Vietnam still has a lot to do to improve the well-being of children and woman and achieve its Millennium Development Goals, a new survey has found.
The Multiple Indicator Cluster Survey 2014, launched Friday in Hanoi, found continuing and glaring disparities in under-five mortality rates amongst vulnerable populations.
With every 1,000 live births, 20 children die before their fifth birthday.

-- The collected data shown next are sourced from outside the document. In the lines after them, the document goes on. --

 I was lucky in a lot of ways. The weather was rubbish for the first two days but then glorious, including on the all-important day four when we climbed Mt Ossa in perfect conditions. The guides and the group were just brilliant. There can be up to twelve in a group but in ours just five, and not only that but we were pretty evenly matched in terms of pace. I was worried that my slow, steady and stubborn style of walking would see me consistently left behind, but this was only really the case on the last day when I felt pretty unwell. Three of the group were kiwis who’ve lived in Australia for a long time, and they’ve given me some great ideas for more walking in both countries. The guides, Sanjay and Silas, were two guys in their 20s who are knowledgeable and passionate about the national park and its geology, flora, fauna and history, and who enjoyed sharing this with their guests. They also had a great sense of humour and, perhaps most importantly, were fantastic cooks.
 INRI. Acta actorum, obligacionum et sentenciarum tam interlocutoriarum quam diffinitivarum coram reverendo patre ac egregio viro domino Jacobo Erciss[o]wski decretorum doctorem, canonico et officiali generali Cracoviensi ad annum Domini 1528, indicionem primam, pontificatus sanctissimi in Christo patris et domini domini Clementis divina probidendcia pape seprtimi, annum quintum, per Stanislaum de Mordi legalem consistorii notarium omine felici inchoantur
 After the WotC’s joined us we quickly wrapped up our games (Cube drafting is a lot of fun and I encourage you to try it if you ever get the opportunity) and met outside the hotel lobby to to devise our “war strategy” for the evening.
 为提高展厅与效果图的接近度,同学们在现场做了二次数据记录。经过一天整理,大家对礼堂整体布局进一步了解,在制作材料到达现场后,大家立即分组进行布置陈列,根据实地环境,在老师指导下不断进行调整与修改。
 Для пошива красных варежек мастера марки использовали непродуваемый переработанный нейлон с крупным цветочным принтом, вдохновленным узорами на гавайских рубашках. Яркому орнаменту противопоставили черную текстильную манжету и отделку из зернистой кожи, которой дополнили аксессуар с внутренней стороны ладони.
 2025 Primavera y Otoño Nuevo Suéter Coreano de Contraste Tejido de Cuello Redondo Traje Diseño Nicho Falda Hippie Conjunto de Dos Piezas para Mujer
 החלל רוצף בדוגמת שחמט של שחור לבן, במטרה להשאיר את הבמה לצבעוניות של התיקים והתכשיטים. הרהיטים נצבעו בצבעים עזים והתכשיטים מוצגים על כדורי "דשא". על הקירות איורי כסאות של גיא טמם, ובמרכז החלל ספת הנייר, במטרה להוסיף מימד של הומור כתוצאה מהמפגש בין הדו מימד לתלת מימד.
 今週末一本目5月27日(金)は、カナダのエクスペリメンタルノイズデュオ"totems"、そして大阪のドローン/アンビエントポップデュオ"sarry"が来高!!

In rural areas, under-five mortality is at 22 per 1,000 live births, while ethnic minority populations have the highest rates at 43 deaths per 1,000 live births, according to the survey carried out by the General Statistics Office with technical and financial support from UNICEF.
Youssouf Abdel-Jelil, UNICEF Representative in Vietnam, said the survey is a joint contribution to the data revolution.
“It is proven that good, timely and accessible data leads to positive solutions to inequality and sustainable development,” he said.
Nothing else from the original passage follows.